Page 1 of 1

Remove Duplicates

Posted: Tue Jul 19, 2005 11:10 am
by gsherry1
Any reason why remove duplicates doesn't have an option to output the duplicated (removed) records on a separate output/reject link? It would definitely improve the usefulness of the component.

Posted: Tue Jul 19, 2005 1:40 pm
by bcarlson
You should post this to the Enhancement Wishlist forum. That would be a great option to have.

We ran into this sitatuation as well, and it was kind of a pain to capture the duplicates. We ended up adding a separate surrogate key to each record. Then made a copy of the input data (pre-dedup), then deduped on the main key. So now you have a complete set and a deduped set. Join the 2 together on the main key AND the surrogate key and you can now identify which records are kept and which were removed.

Not the simplest of procedures, but it does work. I agree, a reject link would be more appropriate.

That's my 2 cents...

Brad.

Posted: Tue Jul 19, 2005 3:50 pm
by ukyrvd
Hi Brad,
I am following exactly the same approach.

Any comments on how it compares with TX stage variable approach for sorted input(determining duplicates by comparing with prev record)?? I have started working on EE very recently and when I ran into this problem, did a search on this forum. But, I dont know why, none of the gurus suggested this method.

Posted: Tue Jul 19, 2005 4:56 pm
by bcarlson
I have not used that approach (stage variables). Our project avoids using Transformers because they are not as fast as buildops, at least for high volume processing. However, in this case it may be applicable if it can do it faster.

Maybe someone else out there has tried both of these options and has compare performance? If so, let us know.

Posted: Tue Jul 19, 2005 9:46 pm
by jack_dcy
bcarlson wrote:I have not used that approach (stage variables). Our project avoids using Transformers because they are not as fast as buildops, at least for high volume processing. However, in this case it may be applicable if it can do it faster.
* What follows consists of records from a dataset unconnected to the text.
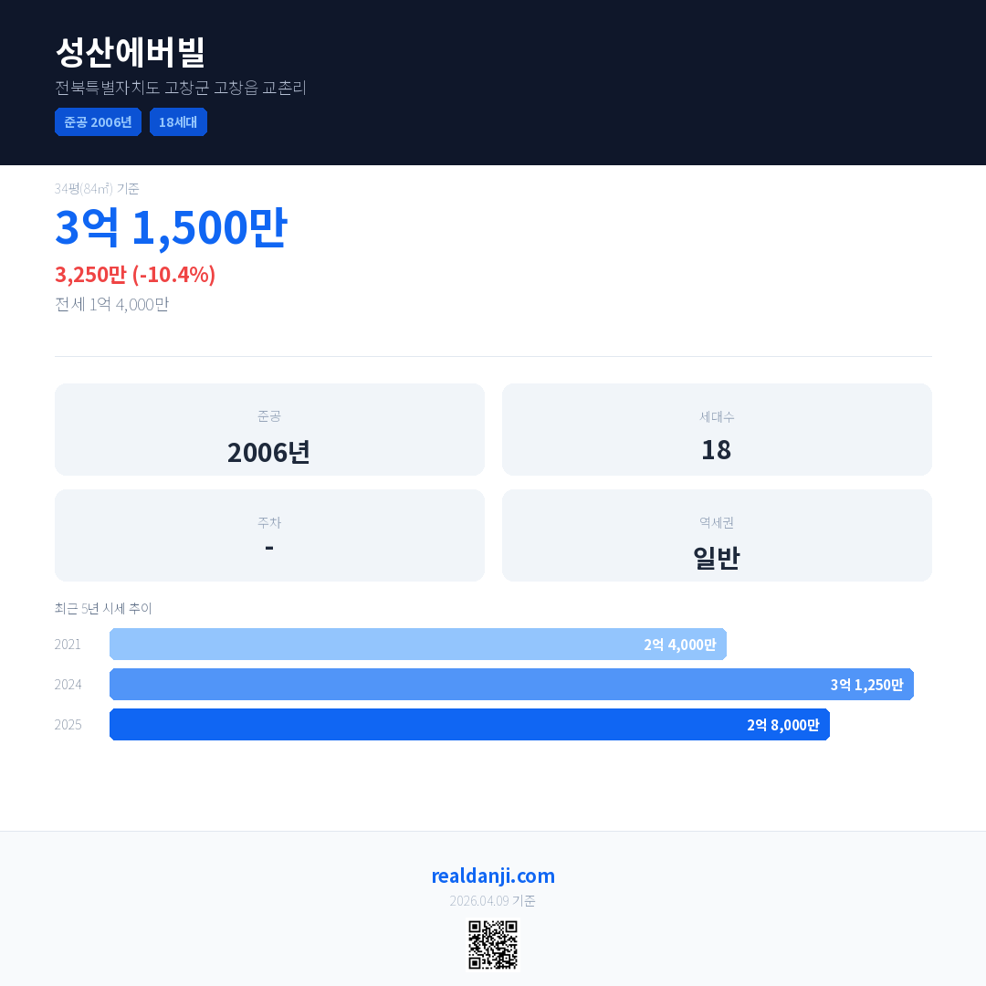 성산에버빌 국민평형 기준 2025년 평균 거래가는 2억 8,000만으로, 전년 대비 10.4% 하락 했습니다.
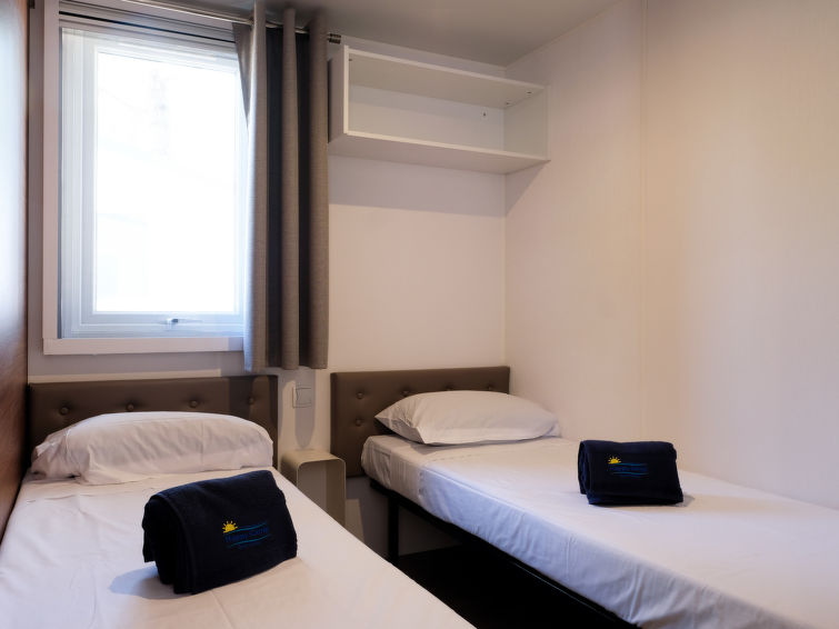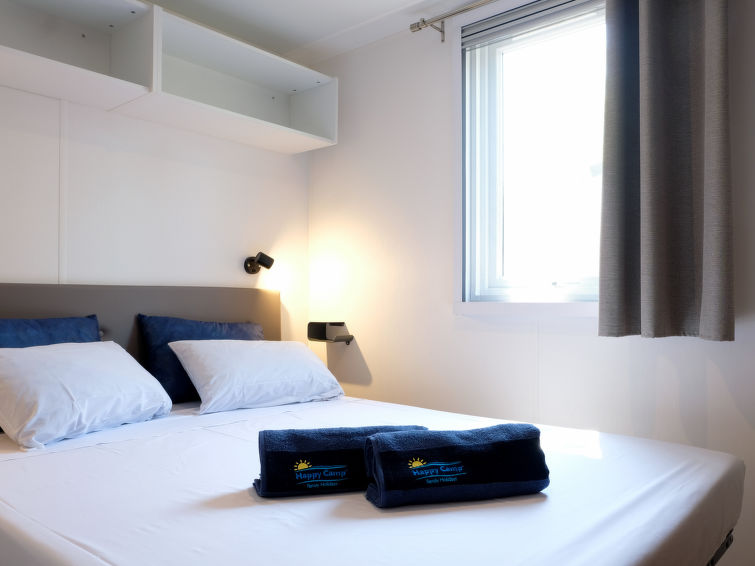 4-værelse-campingvogn 30 m2 til 7 personer. Indrettet med stue/soveværelse med 1 sovesofa, spisebord og klimaanlæg. 1 værelse med 1 fransk seng (140 cm). 2 værelse, alle værelser med 2 senge (70 cm). Åbent køkken (4 kogeplader, mikroovn, fryser, elektrisk kaffemaskine). Brus/WC. Opvarmning. Terrasse 9 m2 delvis overdækket. Havemøbler, elektrisk grill, liggestole (2). Til benyttelse: højstol. Bemærk venligst: ikke-ryger lejlighed.
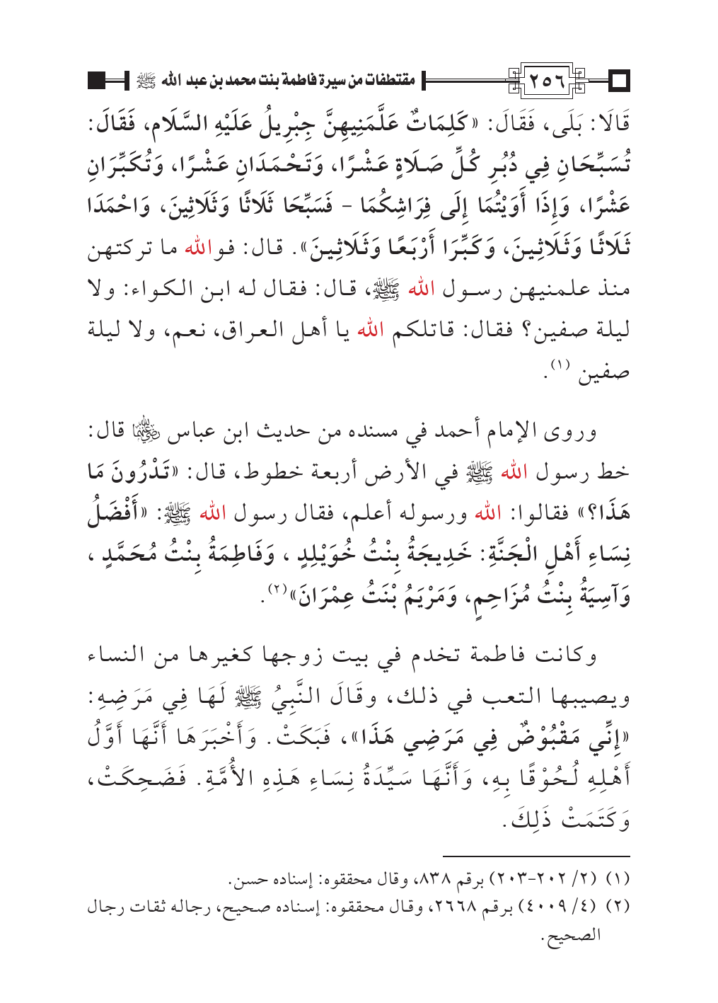 وروى الإمام أحمد في مسنده من حديث ابن عباس - رضي الله عنهما - قال: خط رسول الله - صلى الله عليه وسلم - في الأرض أربعة خطوط، قال: «تَدْرُونَ مَا هَذَا؟» فقالوا: الله ورسوله أعلم، فقال رسول الله - صلى الله عليه وسلم -: «أَفْضَلُ نِسَاءِ أَهْلِ الْجَنَّةِ: خَدِيجَةُ بِنْتُ خُوَيْلِدٍ، وَفَاطِمَةُ بِنْتُ مُحَمَّدٍ، وَآسِيَةُ بِنْتُ مُزَاحِمٍ، وَمَرْيَمُ بْنَتُ عِمْرَانَ» (¬٢).
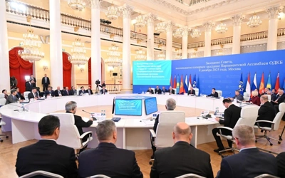 МОSKVА. Кazinform — Қозоғистон Парламенти делегацияси Коллектив хавфсизлик шартномаси ташкилоти Парламент Ассамблеяси Кенгашининг қўшма мажлиси ва ХVIII ялпи мажлисида иштирок этди. Делегацияга Мажилис раиси Ерлан Қошанов бошчилик қилди.
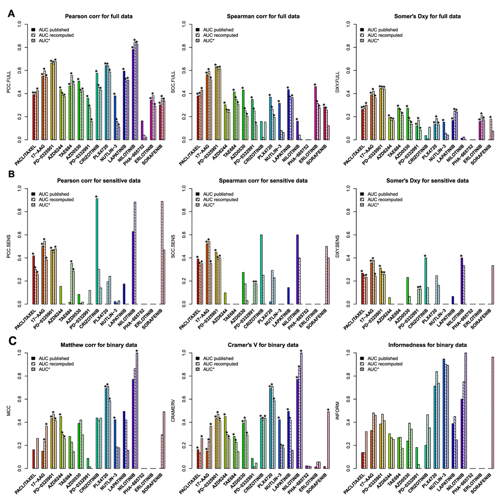 (A) Consistency assessed using the full set of cancer cell lines screened in both studies. (B) Consistency assessed using only sensitive cell lines (AUC ≥ 0.4 for broad effect drugs, and AUC ≥ 0.2 for drugs with narrow effects). (C) Consistently assessed by discretizing the drug sensitivity data using the aforementioned cutoffs for AUC. PCC: Pearson correlation coefficient; SCC: Spearman rank-based correlation coefficient; DXY: Somers’ Dxy rank correlation; MCC: Matthews correlation coefficient; CRAMERV: Cramer’s V statistic; INFORM: Informedness. The symbol '*’ indicates whether the consistency is statistically significant (p< 0.05).
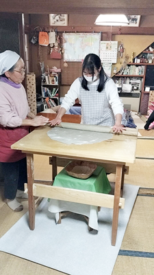 山梨県立青洲高等学校 > 学校行事 > 2/9 1年次スキー教室1日目⑤ 2024年2月9日カテゴリー: 学校行事 2/9 1年次スキー教室1日目⑤ 実習の様子です。 スキー実習見学者は午後はそば打ち体験をしました。

Maybe someone else out there has tried both of these options and has compare performance? If so, let us know.

Hi bcarlson,

Which type buildops do you used, Custom,Build or Wrapped?

Posted: Wed Jul 20, 2005 8:25 am
by bcarlson
jack_dcy wrote:Hi bcarlson,

Which type buildops do you used, Custom,Build or Wrapped?
We use Build - you build an input and output schema, with some code in the middle and let PX put it all together. Works great, and that way we can put the vast majority of our business rules and ETL in one stage rather than spread out over many stages or even multiple jobs.

Slightly different approach

Posted: Wed Nov 16, 2005 10:25 am
by lshort
I have used a slightly different approach.

Two Paths to a Difference stage.

Path 1:Datatset ---> RemoveDup ---> Difference

Path 2:Same starting Dataset ---> Difference

Result: Rows that were removed.

My only problem with this result is that Id like the whole set. For any dups I want to redirect the original and its duplicates. This only give me the duplicates.

Posted: Thu Nov 17, 2005 3:31 am
by kumar_s
Hi,
We too had the same cirucumstance for testing purpose.
Fortunately i had the output in sequential file.
I made use of "diff" command in unix. "grep"ed for < (or >) and redirected to a file.
This was quite simple and fast.

-Kumar